• _THE PROBLEM_
All records below must be reproduced exactly, although any pictures they contain are to be omitted.

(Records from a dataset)
>>
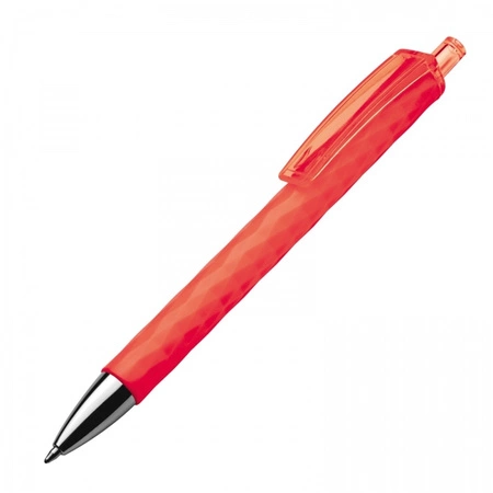- Plastikowy długopis z oryginalnym korpusem i dużym wkładem piszącym na niebiesko.
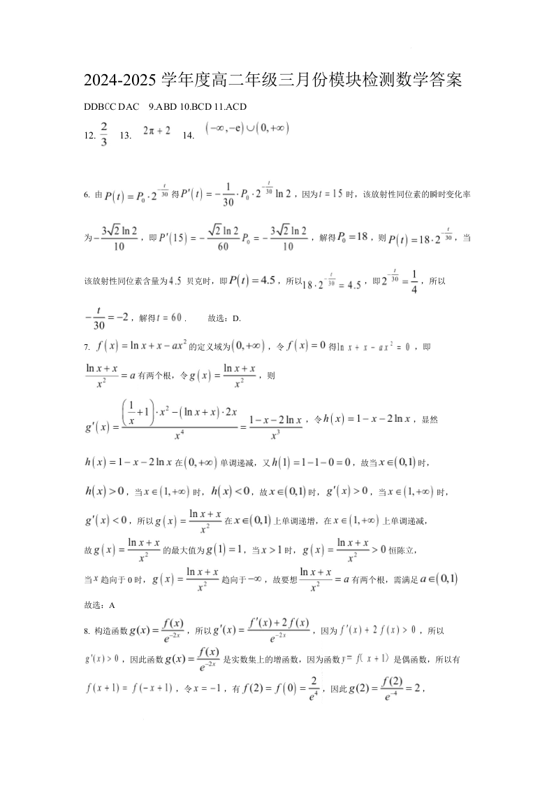 山东省济宁市实验中学2024-2025学年下学期3月高二月考数学答案
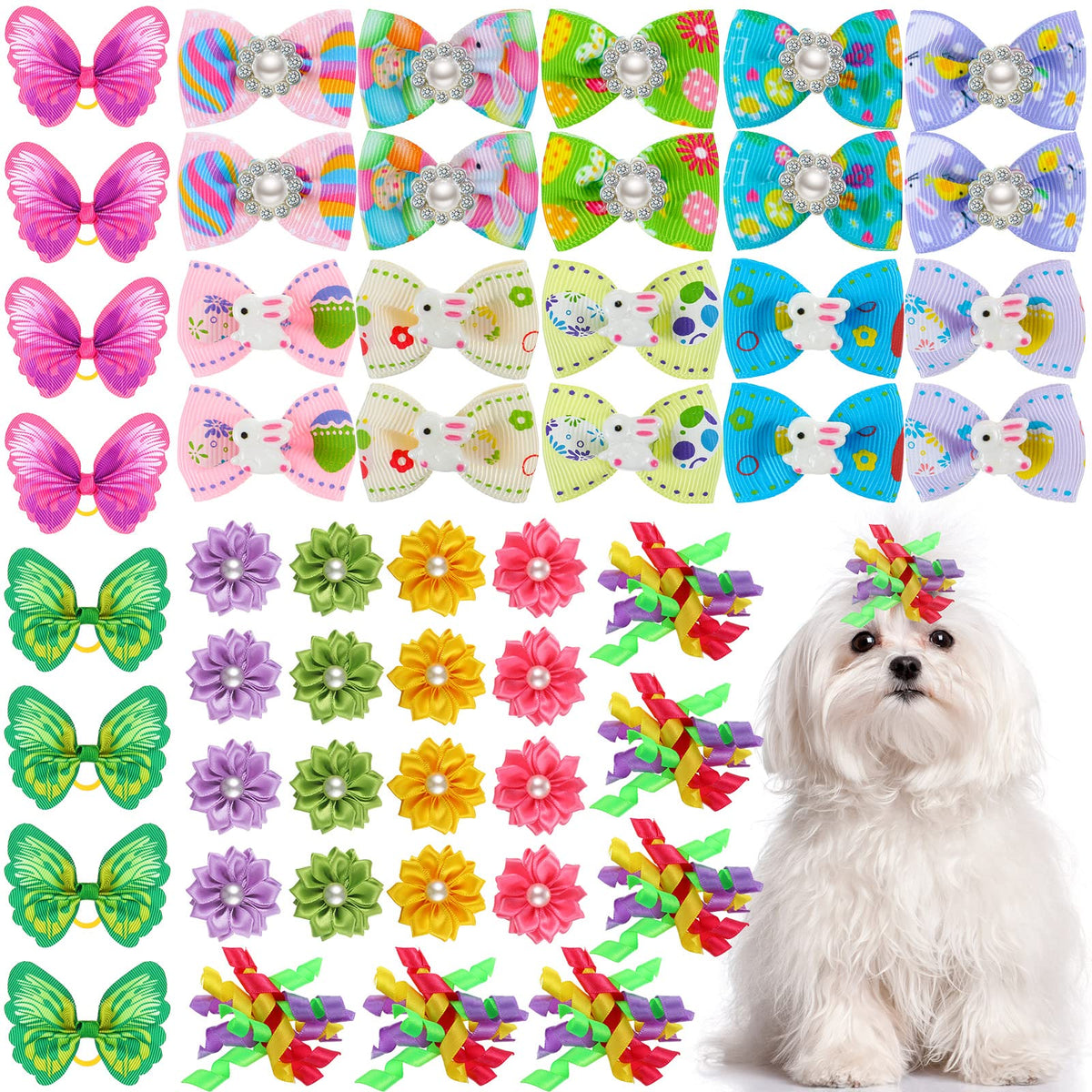 Mtlee 50 Pcs Easter Dog Bows Dog Hair Bows Grooming Bows Cute Rabbit Pattern With Rubber Bands Puppy Yorkie Cat Bunny Butterfly
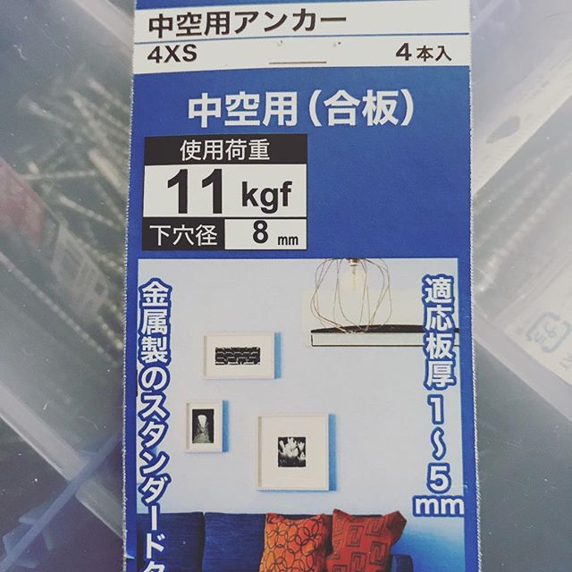 取付けるために、中空用アンカーを使用してみました。合板の壁だけど人が乗らなければ、問題無しです。
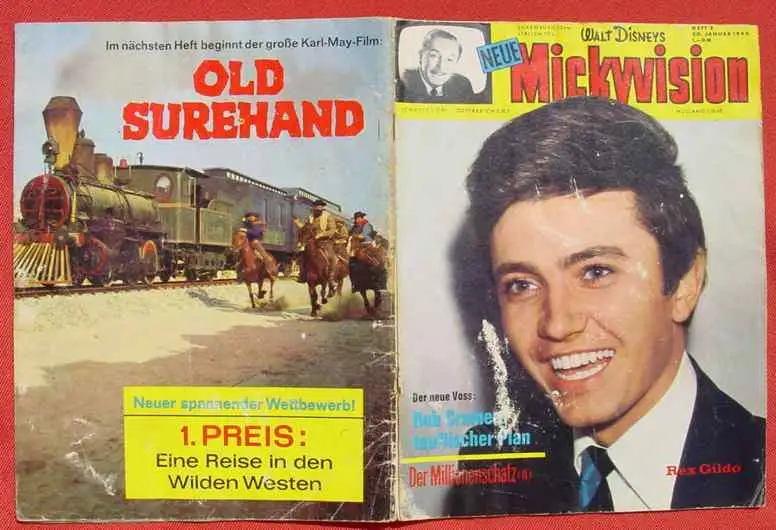 (1044375) Walt Disneys MICKYVISION Nr. 2 / 1966. Rennfahrer Michael Voss. Ehapa-Verlag # Walt Disney Ehapa-Verlag, Stuttgart 1966. Komplettes Originalheft. Mit Beitraegen ueber Rex Gildo, Karl May "Old Surehand", Porsche 911, u. a. ... Im Comic-Katalog No. 33 notiert fuer Zustand 1-2-3 : 20,00 / 8,00 / 4,00 / Zustandsbeschreibung siehe bitte die nachfolgenden Original-Scans. Nach meiner Einschaetzung : Komplettes Heft mit staerkeren Gebrauchsspuren # Comic # Bilderhefte # Walt Disney
<<
• _EXPECTED ANSWER_
- Plastikowy długopis z oryginalnym korpusem i dużym wkładem piszącym na niebiesko.
 山东省济宁市实验中学2024-2025学年下学期3月高二月考数学答案
 Mtlee 50 Pcs Easter Dog Bows Dog Hair Bows Grooming Bows Cute Rabbit Pattern With Rubber Bands Puppy Yorkie Cat Bunny Butterfly
 取付けるために、中空用アンカーを使用してみました。合板の壁だけど人が乗らなければ、問題無しです。
 (1044375) Walt Disneys MICKYVISION Nr. 2 / 1966. Rennfahrer Michael Voss. Ehapa-Verlag # Walt Disney Ehapa-Verlag, Stuttgart 1966. Komplettes Originalheft. Mit Beitraegen ueber Rex Gildo, Karl May "Old Surehand", Porsche 911, u. a. ... Im Comic-Katalog No. 33 notiert fuer Zustand 1-2-3 : 20,00 / 8,00 / 4,00 / Zustandsbeschreibung siehe bitte die nachfolgenden Original-Scans. Nach meiner Einschaetzung : Komplettes Heft mit staerkeren Gebrauchsspuren # Comic # Bilderhefte # Walt Disney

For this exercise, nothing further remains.